Una norma que veta el suministro de electricidad o agua a instalaciones propiedad de UNRWA o gestionadas en su nombre superó la tercera y definitiva votación en la Knéset con un respaldo de 59 votos a favor y siete en contra tras semanas de tramitación parlamentaria.
La ley, impulsada por el Ejecutivo, ordena a los proveedores de electricidad y agua retener o cortar el servicio a los recintos de UNRWA y además impide la provisión de comunicaciones y de servicios bancarios o financieros a la agencia en todo el ámbito regulado por el Estado.
UNRWA, denominada formalmente Agencia de Naciones Unidas para los Refugiados de Palestina en Oriente Próximo, presta educación, atención sanitaria y asistencia a millones de palestinos asentados en Gaza, Judea y Samaria, así como en Jordania, Líbano y Siria a través de una extensa red institucional.
Israel sostiene desde hace años que el currículo escolar de la agencia incluye apoyo al terror y afirma que empleados participaron en el asalto de Hamás del 7 de octubre de 2023 y en la retención de rehenes capturados ese día durante la ofensiva armada.
También acusa a UNRWA de perpetuar la guerra al otorgar automáticamente el estatus de refugiado a los descendientes de palestinos desplazados en los hechos ligados a la creación de Israel en 1948, lo que provoca un aumento continuo del registro de refugiados a escala internacional.
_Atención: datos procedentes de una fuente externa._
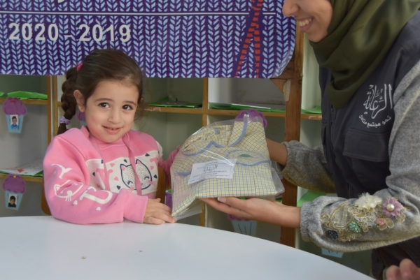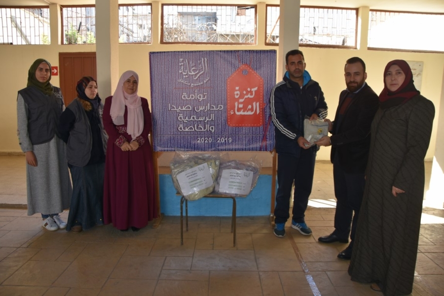 الرعاية توزع كنزة الشتاء على طلاب مدرسة عين الحلوة الإبتدائية الرسمية

La iniciativa modifica dos leyes aprobadas en octubre de 2024, que vetaron la actividad de la agencia en territorio israelí y limitaron su labor en Gaza y Judea y Samaria, al prohibir a las autoridades estatales cualquier tipo de contacto formal o funcional con la entidad.
El nuevo texto precisa que el suministro de agua y electricidad constituye “contacto” a efectos legales y autoriza al gobierno a incautar inmuebles en Ma’alot Dafna y Kafr Aqab, en Jerusalén, arrendados a UNRWA, “sin necesidad de iniciar procedimientos legales o administrativos” de forma inmediata.